* _BRIEF_
Beginning with the line that contains "Vintage Bedouin Ring" and ending with the line that contains "这件有点可爱的粉色动捕服,就是他们为猫主子亲手缝制。", reproduce the lines of the entries below exactly, omitting pictures.

* _SUPPLIED MATERIAL_
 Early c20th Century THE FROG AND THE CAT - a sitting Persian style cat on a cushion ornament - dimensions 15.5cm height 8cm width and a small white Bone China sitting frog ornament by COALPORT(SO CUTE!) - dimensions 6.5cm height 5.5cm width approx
---
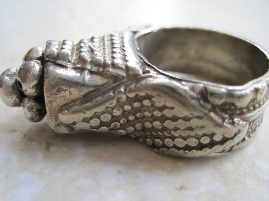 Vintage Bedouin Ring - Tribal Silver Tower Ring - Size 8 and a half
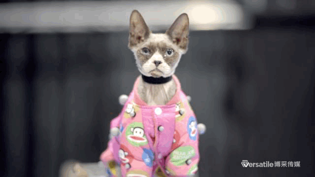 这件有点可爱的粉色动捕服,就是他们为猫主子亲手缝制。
...
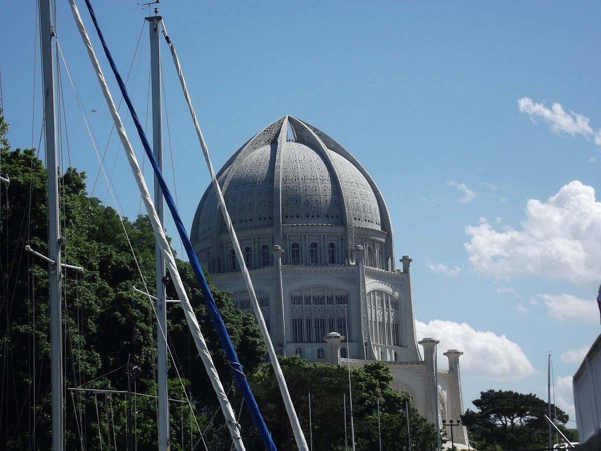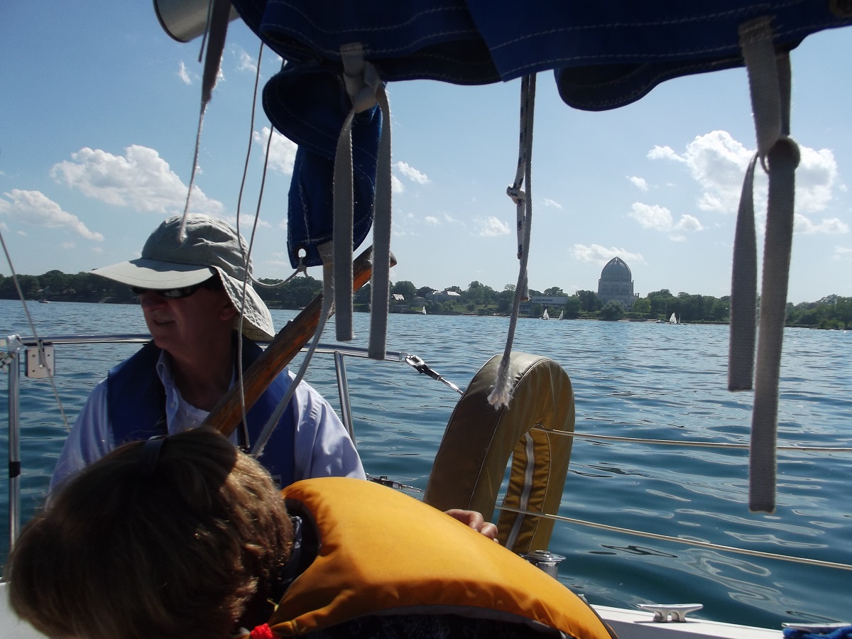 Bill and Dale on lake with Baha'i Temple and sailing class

* _TASK RESPONSE_
 Vintage Bedouin Ring - Tribal Silver Tower Ring - Size 8 and a half
 这件有点可爱的粉色动捕服,就是他们为猫主子亲手缝制。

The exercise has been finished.